If you’re using E-rate funds, prepare to be reviewed or audited.
“Don’t take this lightly,” Cruzan warned. “Most people don’t know what E-rate is until something goes wrong.”
Last year, E-rate applicants were asked to repay more than $60 million because of audit findings and other disputes, Cruzan said.
Cruzan was joined by LaShona Dickerson, technology director for Lafayette Parish School System in Louisiana, to give CoSN attendees tips on how to better plan for E-rate funding and avoid unnecessary audits.
Dickerson said E-rate has benefitted her district of 30,500 students and 3,500 employees on 43 campuses across the Lafayette Parish School System in the Bayou State.
“E-rate allowed for a lot of growth in connectivity,” she said. “It also brought about more equity — not equity in terms of access for students, I’m talking about equity among my school buildings. Before, not all of my schools received E-rate. Now every school has access. I’m able to close that gap in my buildings. Because of that, we were able to deploy a one-to-one initiative.”
E-rate Audits Come in Many Forms
In E-rate, there are several types of reviews and audits. Some of them can happen to a district simultaneously.
“All of them are targeted at making sure you’re following the rules and using these funds effectively and using them in the manner that you requested them,” Cruzan said. “Did you determine the correct eligibility? Did you correctly calculate your discount percentage? You’d be surprised how much time is spent on this area.”
The larger the school or library system, the more likely the system will face a review, Cruzan said.
Here are the types of reviews or audits a district may face:
- Beneficiary and Contributor Audit (BCAP) Program — This is a full-blown audit by a third party. “It can go as far back as 10 to 15 years,” Cruzan said.
- Program Integrity Assurance — Almost every application goes through this review. “It would be like submitting a tax return and getting a call from the IRS,” Cruzan said. “It’s fairly random, so you can experience very different reviews on the same two applications.”
- Selective Review Information Requests — Cruzan said she calls these pre-commitment reviews.

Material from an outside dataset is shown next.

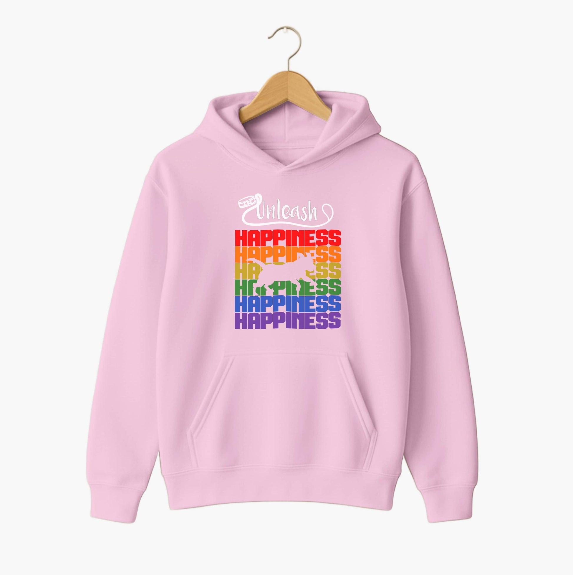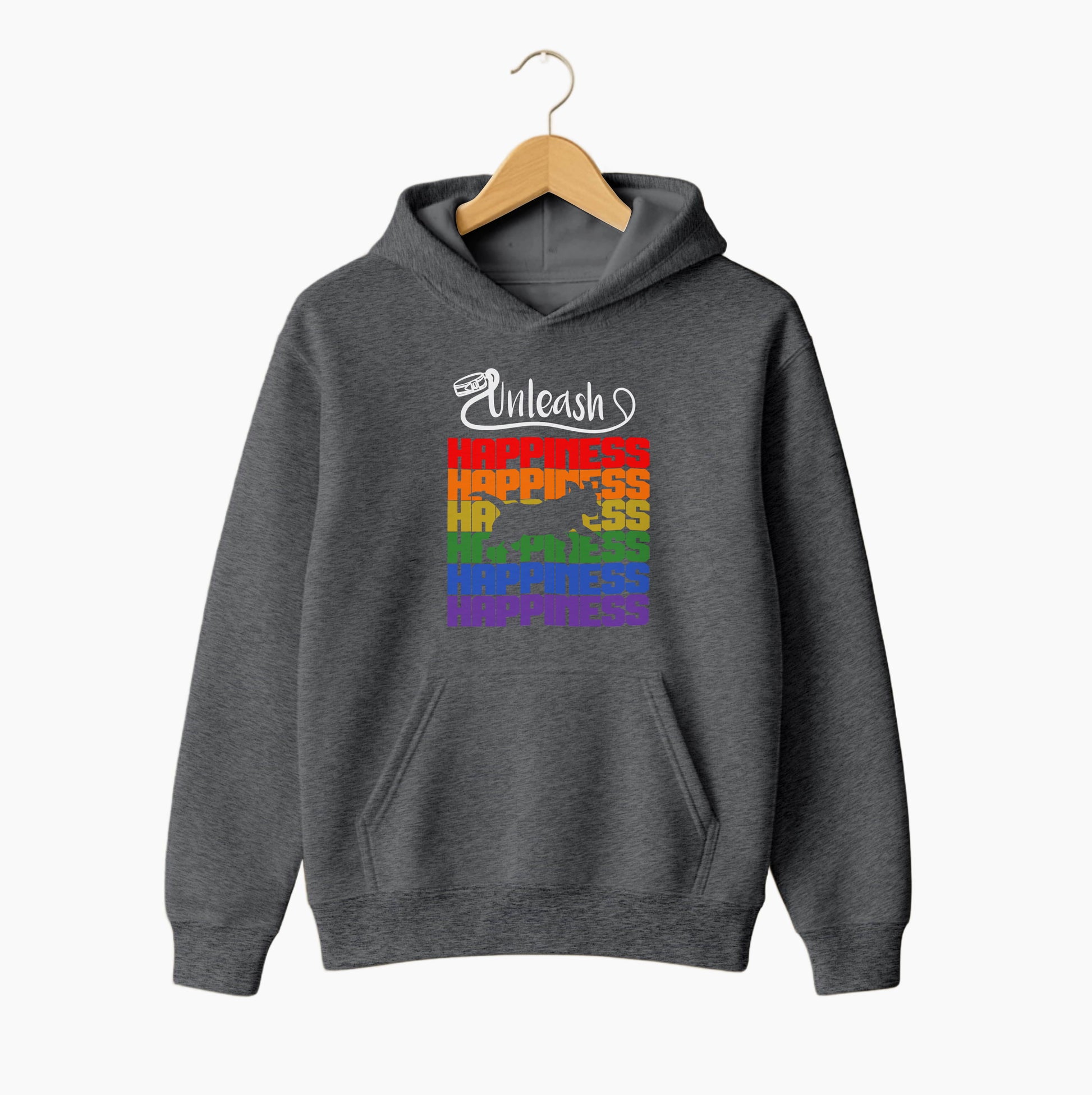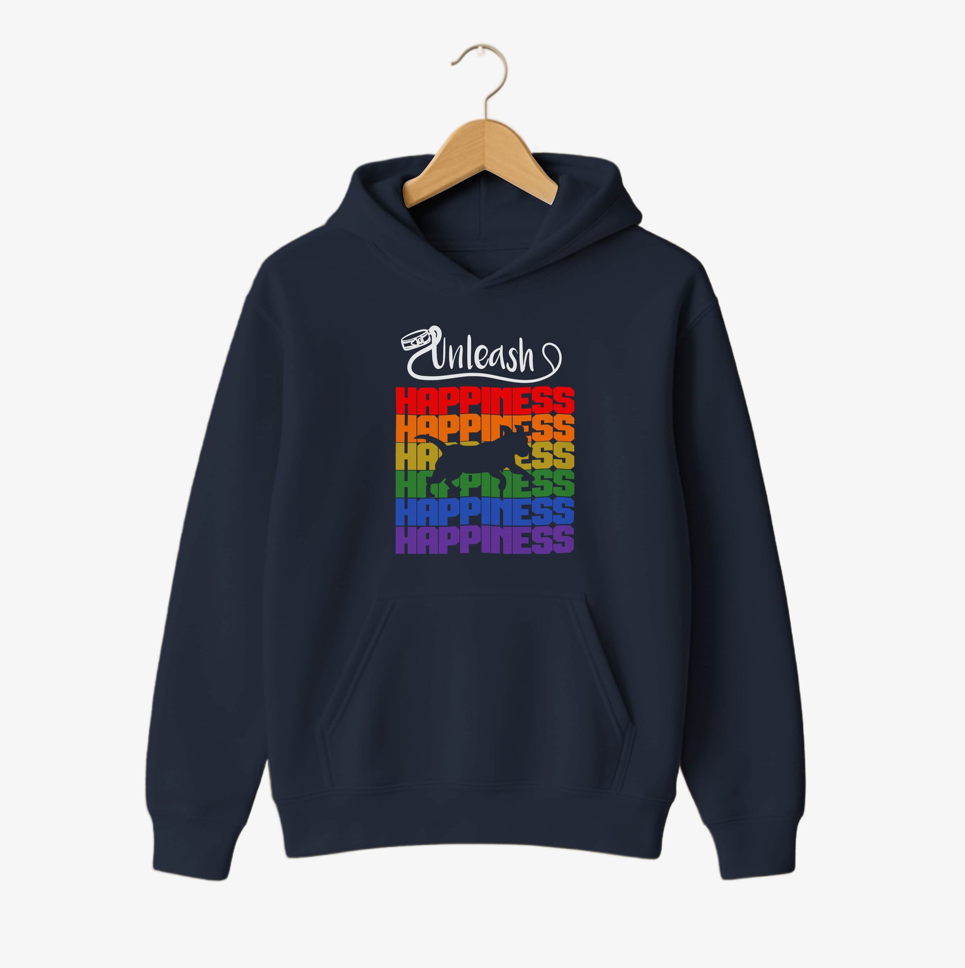 This unisex hoodie brings colour, comfort, and positivity together in one standout piece. The stacked rainbow “HAPPINESS” typography paired with a dog silhouette cut-out creates a bold, expressive design that radiates good vibes. Soft, warm, and perfect for daily wear, it’s the ideal choice for dog lovers who want to spread happiness wherever they go.

They are full reviews up to the funding commitment. “They will ask for information such as bidding documents,” she said. “Did you have correspondence with vendors? Did you have addendums? Here, you need to verify that you have the funds and resources to make use of the E-rate equipment or services that you’re purchasing.”
- Payment Quality Assurance — These reviews occur when a school submits its invoicing for reimbursement. “Don’t underestimate these reviews,” Cruzan said. “They’re triggering a lot of these right now. It can open you up to a much bigger review if pieces don’t line up correctly.”
- Special Compliance Review — This is generally a targeted review. They usually are triggered by a complaint by a vendor or another review peculiarity. “They might even be doing a review of a vendor and asking you for information as the applicant,” Cruzan said.
Filtered Networks Make Audits Go Smoothly
In January, the Universal Service Administrative Co. (USAC), which manages E-rate funding, released audits at its board meeting, and the most significant request for a return of funds was due to competitive bidding, Cruzan said. “It was almost a million dollars they were collecting back. When they find a competitive bid violation, it’s everything tied to that contract. This is really where you have to get it right.” The second biggest request-back came from invoicing, she said.
USAC reviewers also look for Children's Internet Protection Act compliance, Dickerson said.
“Make sure when students get on the network, either in school or at home, that it’s filtered,” she said.
“You’d be surprised that this comes up in audits,” Cruzan added. “It’s not that schools are not compliant, it’s that they don’t have the documentation to show they’re compliant.”
Cruzan suggested keeping a copy of the filtering invoice on hand.
In fact, Dickerson and Cruzan said documentation with E-rate is vital. When Dickerson was audited, she had to show files that were from 2008 and 2009, way before she started with the district. It was difficult to find the paperwork, which wasn’t stored properly. Today, she keeps her records arranged neatly in a separate room. Her secretary, who is very organized, helps her keep all her paperwork in order in case another reviewer or auditor comes calling.
“When I leave, someone who comes next will not have to experience what I had to experience,” Dickerson said.